Voluntary or involuntary act, or an omission which infringes upon the right of another on account of the damage suffered. The fault arises when an individual adopts a behavior contrary to that of a reasonably prudent and diligent person, who would be placed in a similar situation. It can engage the civil liability of the person who committed it.
A bathtub or a washing machine that overflows into the apartment below, a hot water tank that conks out and spills down six floors: losses involving the civil liability of a co-owner are many co-ownerships. And they are expensive! This is why the amount of insurance premiums and deductibles have increased significantly in recent years.
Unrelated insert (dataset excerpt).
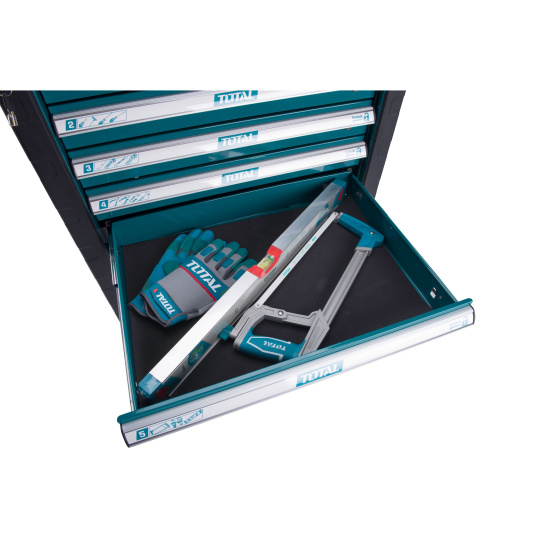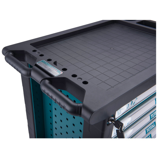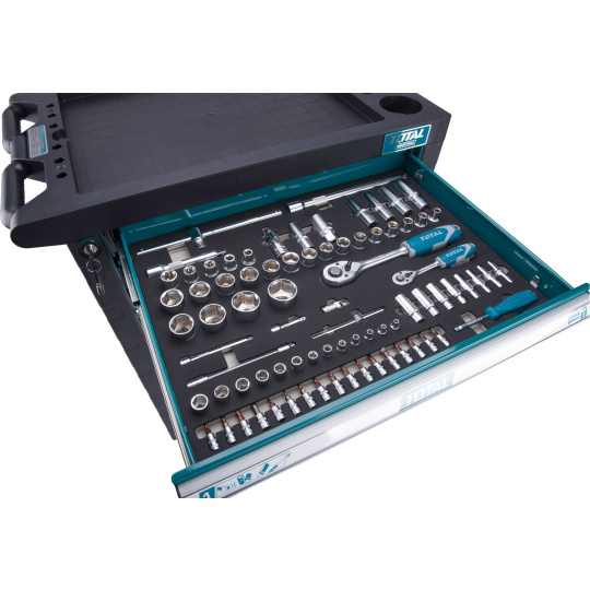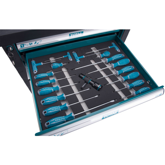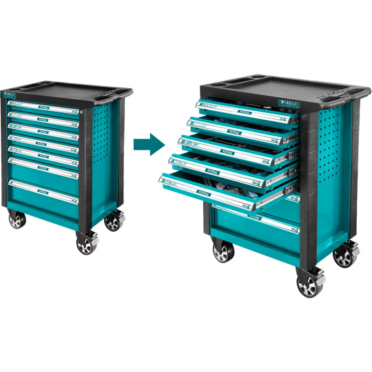 Dílenský vozík obsahuje vysoce kvalitní nářadí z CrV oceli a dalších lepších slitin. Vozík obsahuje 7 šuplíků a má rozměry 765x465x812mm. Rozměry horních 5 šuplíků jsou 536x410x74,5mm. Spodní dva šuplíky jsou hlubší s rozměrem 536x410x153,5mm. Vozík je uzamykatelný jedním klíčem. Je vybaven brzdami na obě dvě zadní transportní kolečka. Pojezdy zásuvek s kulovými ložisky jsou vybaveny zarážkou proti celkovému výsuvu. Pro snadnou manipulaci je vozík nahoře vybaven úchopy pro ruce.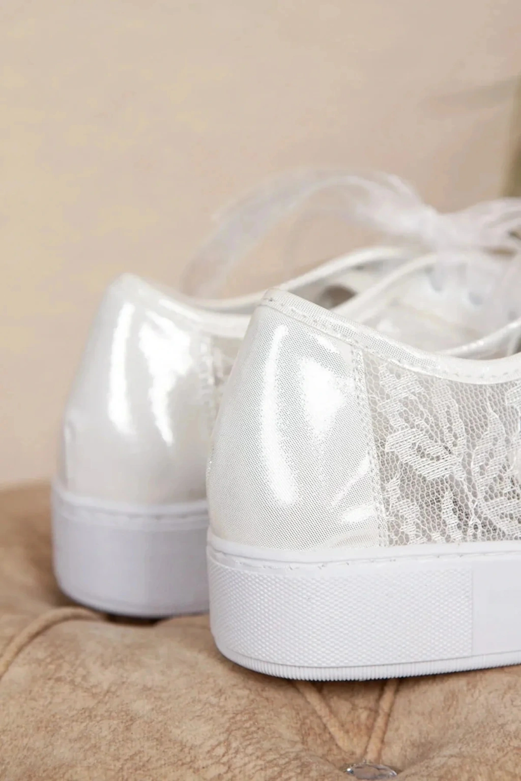 Kadın Beyaz Dantelli Bagcıklı Spor Abiye Gelinlik Ayakkabısı

Worse still, some insurers no longer want to insure co-ownerships, because of a loss ratio that has become out of control. This situation is directly related to the insurer of the syndicate, which is almost always called upon to cover a loss, when damage has been caused to the common and private portions. Thus the question of who is responsible arises. It is also necessary to know the applicable law to the owner at fault. Other considerations affect both the insurer of the syndicate and those of the co-owners concerned, to determine who will pay what?
A co-owner may be liable to the syndicate, the other co-owners and the occupants of the immovable. As stated in Article 1457 of the Civil Code of Québec, every person has a duty not to harm others. As a co-owner, you must be careful and abide to the appropriate rules of conduct in accordance with the context and circumstances. Otherwise, you engage your civil liability and are required to remedy (financially third parties for moral or property damage and personal injury.